Source records
______

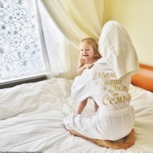 A great option for a family set of personal bathrobes. Children's dressing gown is different from the parent by the presence of a comfortable hood. In such a dress, all households, even now, can become candidates for the beach version of the competition “Mom, Dad, I am a sports family” or simply and effectively pose for a thematic photo shoot.
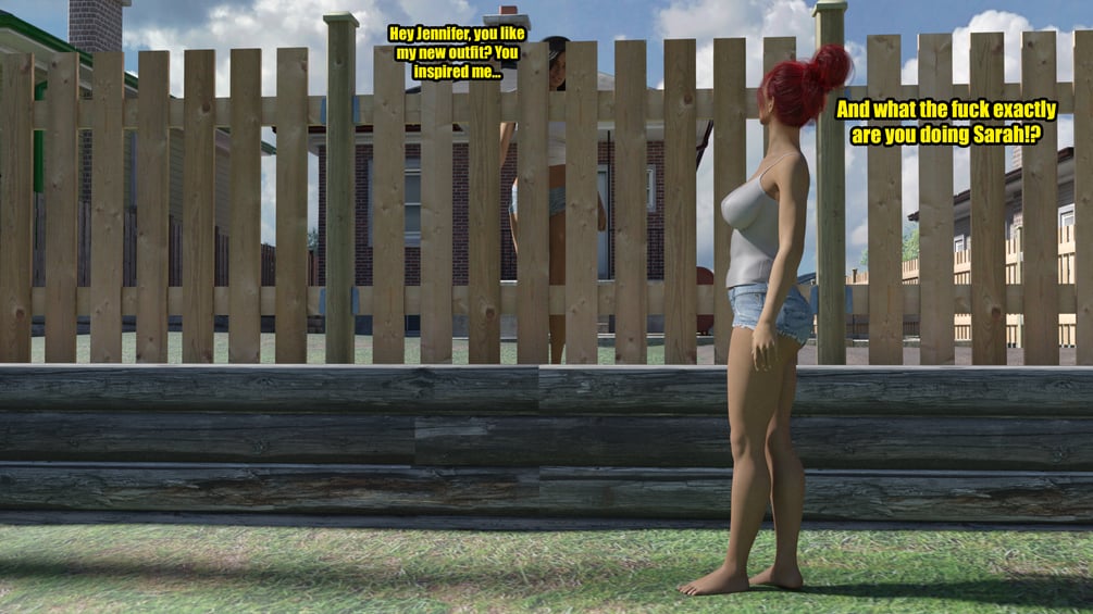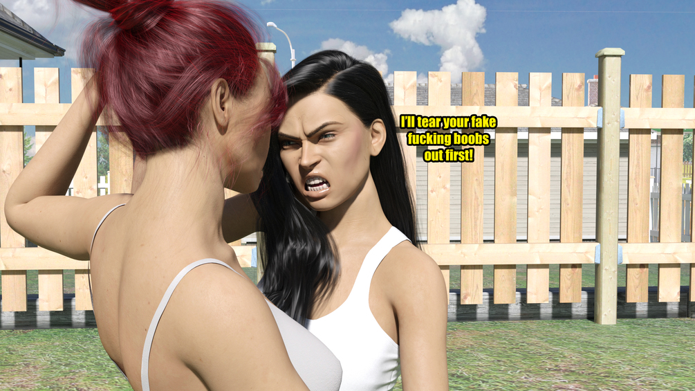 Sarah and Jennifer are neighbours that have never gotten along, constant arguing and almost coming to blows on a few occasions has had tension building between these two very different woman for a long time. After a brief encounter in the street Sarah decides to get back at Jennifer by wearing her usual slutty outfit, both ladies think it's about time they sort out their problems once and for all...
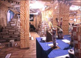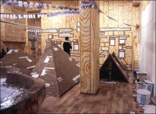 Ailleurs une table expose une multitudes d’objets-souvenirs égyptiens. Partout, des pyramides constituées de cannettes de bière, de paquets de cigarette, de parpaings… Plusieurs d’entre elles, recouvertes de scotch marron, fonctionnent en fait comme des maquettes qui montrent en coupe l’intérieur d’une pyramide.
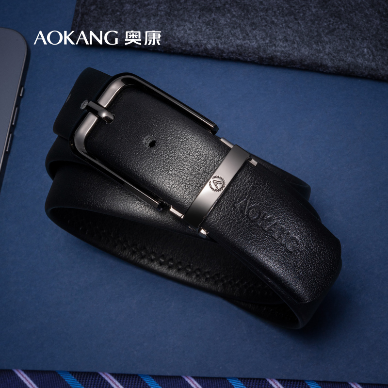 奥康皮带男真皮腰带男士简约针扣商务高档礼盒奢侈品牛皮裤带真皮
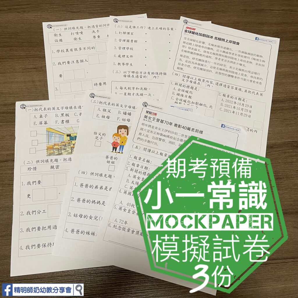 常識考咩呢?我覺得主要係考中文生字同閲讀理解,加上一啲common sense😅要溫又唔知從何入手,個範圍好似好大,咩都要識啲咁😀簡單做咗3份模擬試卷,當比小朋溫習下啲生字,仲有啲剪報練習,簡單考下理解題目!內容包括: ✅ 我的學校 (人物,設備)✅ 健康校園(個人衞生,健康飲食)✅ 我的家人 (關係,活動)✅ 剪報閲讀(認識報章版,標題,名稱,日期,內容等)
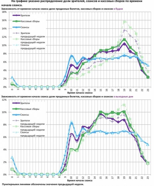 Как показывает индустриальная статистика с 8 по 14 марта (неделя №10), за неделю с четырьмя выходными днями (начиная с 8 марта) в российские кинотеатры пришло 5,3 млн зрителей, ровно столько же было на позапрошлой неделе с тремя праздничными днями, включая 23 февраля. Каждый четвертый билет пришелся на новинку-лидера – российскую комедию «Я худею».
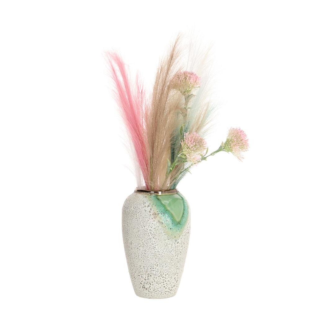 Ceramic vase TITAN STONE H27cm, green/white texture
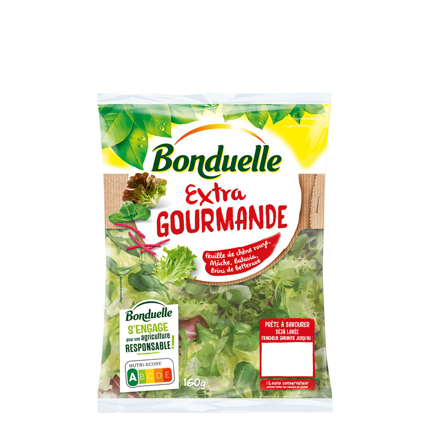 Ingrédients: Batavia (mini 25%), mâche (mini 10%), feuille de Chêne rouge (mini 10%), brins de betterave crue (mini 5%)
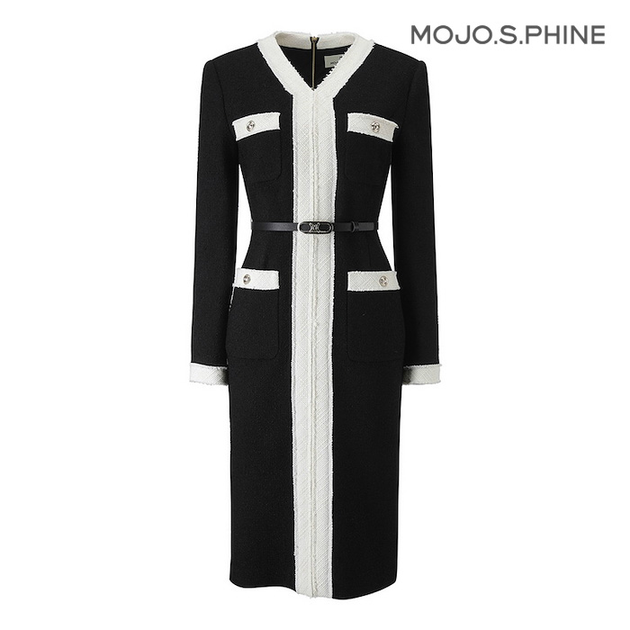 [모조에스핀] V넥 배색 H라인 원피스 BK_S244MSE027

______

» **Exercise goal**:
Where pictures appear, omit them, and transcribe exactly, with nothing else, the lines from the line with "奥康皮带男真皮腰带男士简约针扣商务高档礼盒奢侈品牛皮裤带真皮" through the final line of the records above, both ends included.

» **Reply to the task**:
 奥康皮带男真皮腰带男士简约针扣商务高档礼盒奢侈品牛皮裤带真皮
 常識考咩呢?我覺得主要係考中文生字同閲讀理解,加上一啲common sense😅要溫又唔知從何入手,個範圍好似好大,咩都要識啲咁😀簡單做咗3份模擬試卷,當比小朋溫習下啲生字,仲有啲剪報練習,簡單考下理解題目!內容包括: ✅ 我的學校 (人物,設備)✅ 健康校園(個人衞生,健康飲食)✅ 我的家人 (關係,活動)✅ 剪報閲讀(認識報章版,標題,名稱,日期,內容等)
 Как показывает индустриальная статистика с 8 по 14 марта (неделя №10), за неделю с четырьмя выходными днями (начиная с 8 марта) в российские кинотеатры пришло 5,3 млн зрителей, ровно столько же было на позапрошлой неделе с тремя праздничными днями, включая 23 февраля. Каждый четвертый билет пришелся на новинку-лидера – российскую комедию «Я худею».
 Ceramic vase TITAN STONE H27cm, green/white texture
 Ingrédients: Batavia (mini 25%), mâche (mini 10%), feuille de Chêne rouge (mini 10%), brins de betterave crue (mini 5%)
 [모조에스핀] V넥 배색 H라인 원피스 BK_S244MSE027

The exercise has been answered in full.